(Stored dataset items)

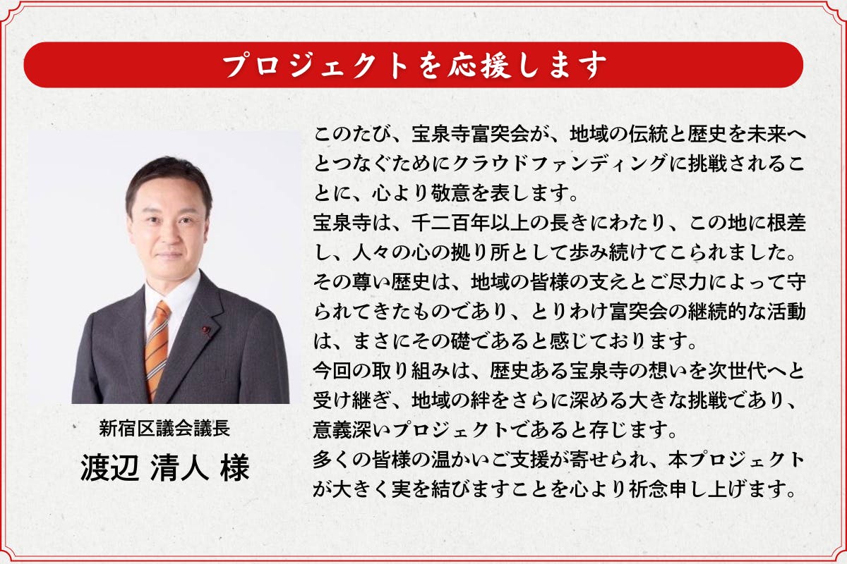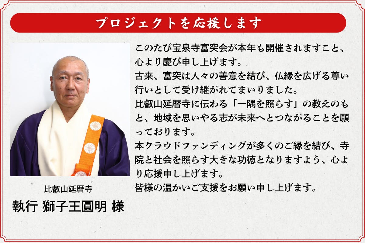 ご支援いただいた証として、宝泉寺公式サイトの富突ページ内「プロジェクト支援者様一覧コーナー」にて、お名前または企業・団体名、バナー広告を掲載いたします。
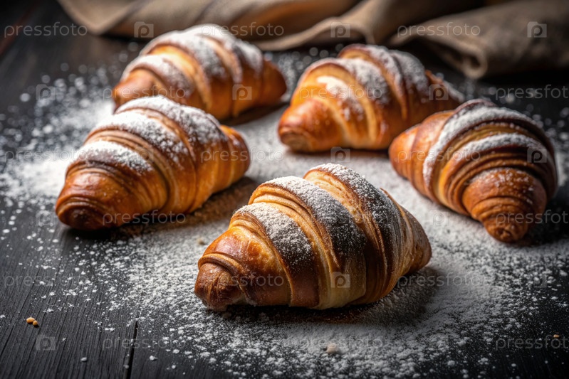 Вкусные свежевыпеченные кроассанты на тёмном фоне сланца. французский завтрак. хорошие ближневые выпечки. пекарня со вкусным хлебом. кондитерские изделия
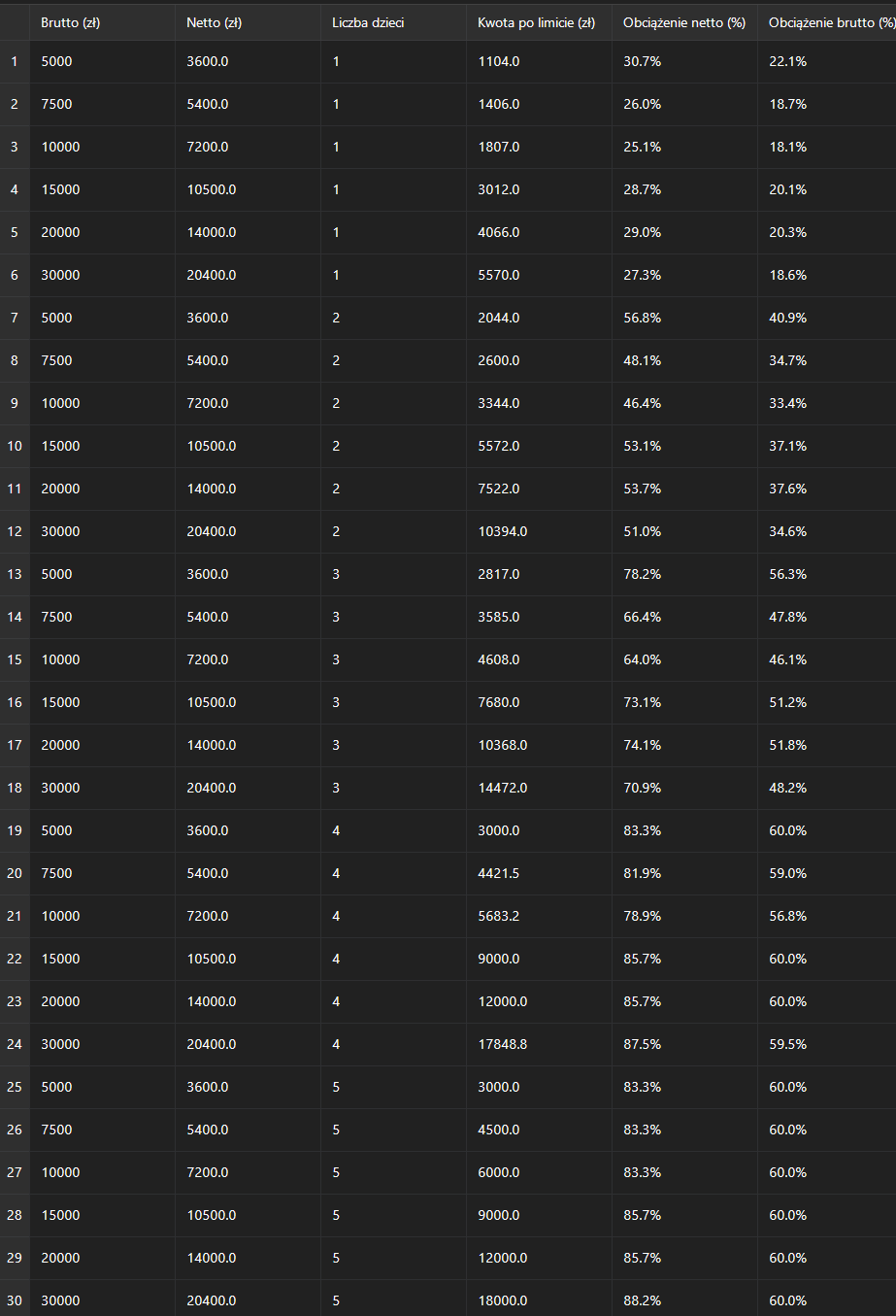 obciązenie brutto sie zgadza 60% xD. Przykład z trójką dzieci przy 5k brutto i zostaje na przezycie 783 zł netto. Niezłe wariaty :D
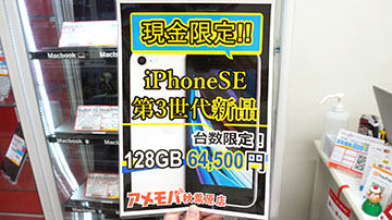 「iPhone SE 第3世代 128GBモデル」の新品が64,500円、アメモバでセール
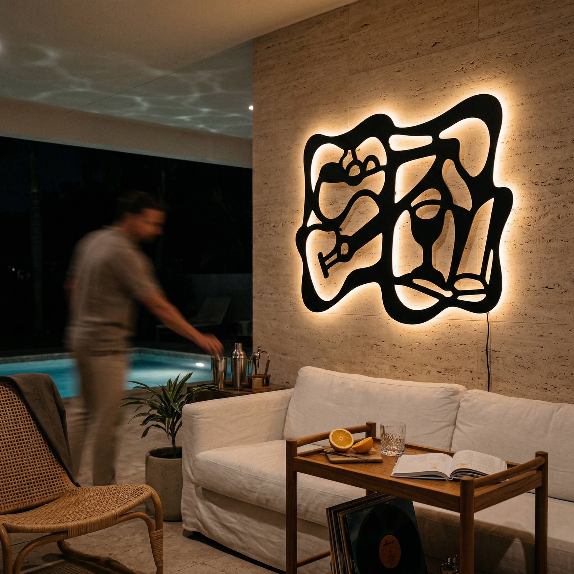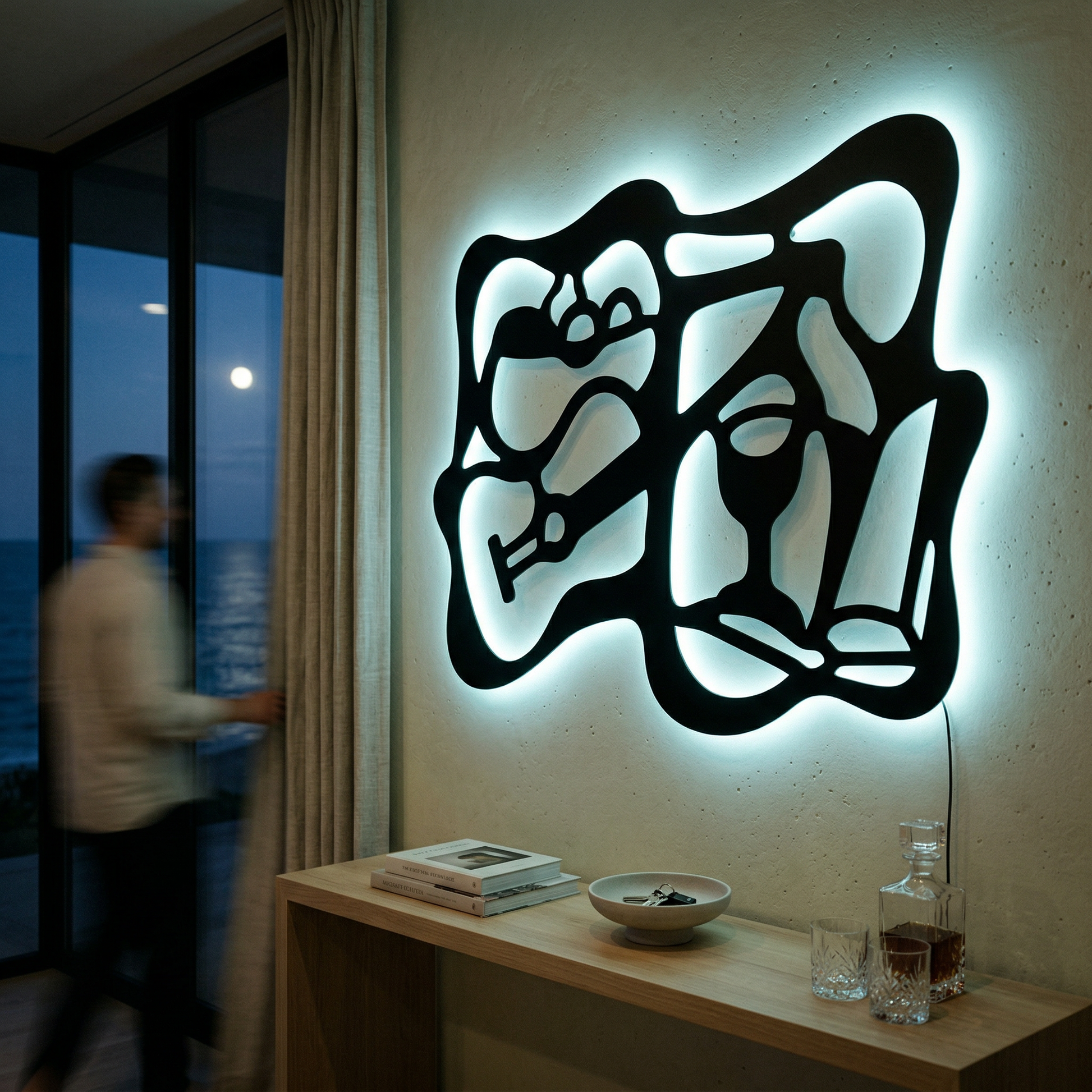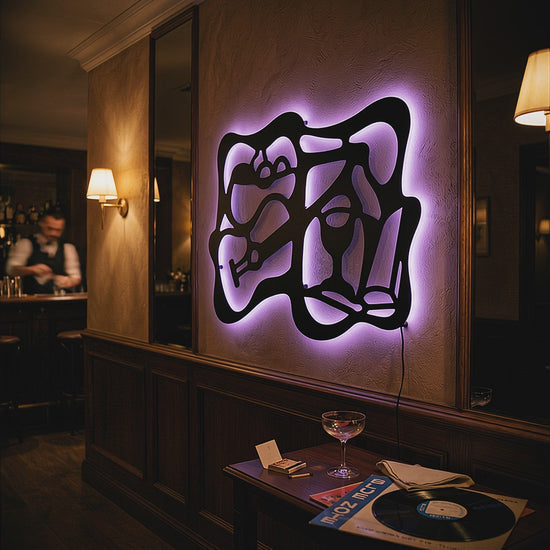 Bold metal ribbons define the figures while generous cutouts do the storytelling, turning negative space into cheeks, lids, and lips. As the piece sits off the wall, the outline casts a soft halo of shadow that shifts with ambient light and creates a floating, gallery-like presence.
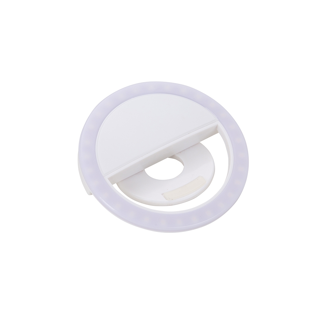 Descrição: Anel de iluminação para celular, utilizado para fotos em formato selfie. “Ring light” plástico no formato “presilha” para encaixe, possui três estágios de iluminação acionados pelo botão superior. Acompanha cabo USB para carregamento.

PROMPT
Transcribe each entry above character for character, omitting pictures.

TASK RESULT
 ご支援いただいた証として、宝泉寺公式サイトの富突ページ内「プロジェクト支援者様一覧コーナー」にて、お名前または企業・団体名、バナー広告を掲載いたします。
 Вкусные свежевыпеченные кроассанты на тёмном фоне сланца. французский завтрак. хорошие ближневые выпечки. пекарня со вкусным хлебом. кондитерские изделия
 obciązenie brutto sie zgadza 60% xD. Przykład z trójką dzieci przy 5k brutto i zostaje na przezycie 783 zł netto. Niezłe wariaty :D
 「iPhone SE 第3世代 128GBモデル」の新品が64,500円、アメモバでセール
 Bold metal ribbons define the figures while generous cutouts do the storytelling, turning negative space into cheeks, lids, and lips. As the piece sits off the wall, the outline casts a soft halo of shadow that shifts with ambient light and creates a floating, gallery-like presence.
 Descrição: Anel de iluminação para celular, utilizado para fotos em formato selfie. “Ring light” plástico no formato “presilha” para encaixe, possui três estágios de iluminação acionados pelo botão superior. Acompanha cabo USB para carregamento.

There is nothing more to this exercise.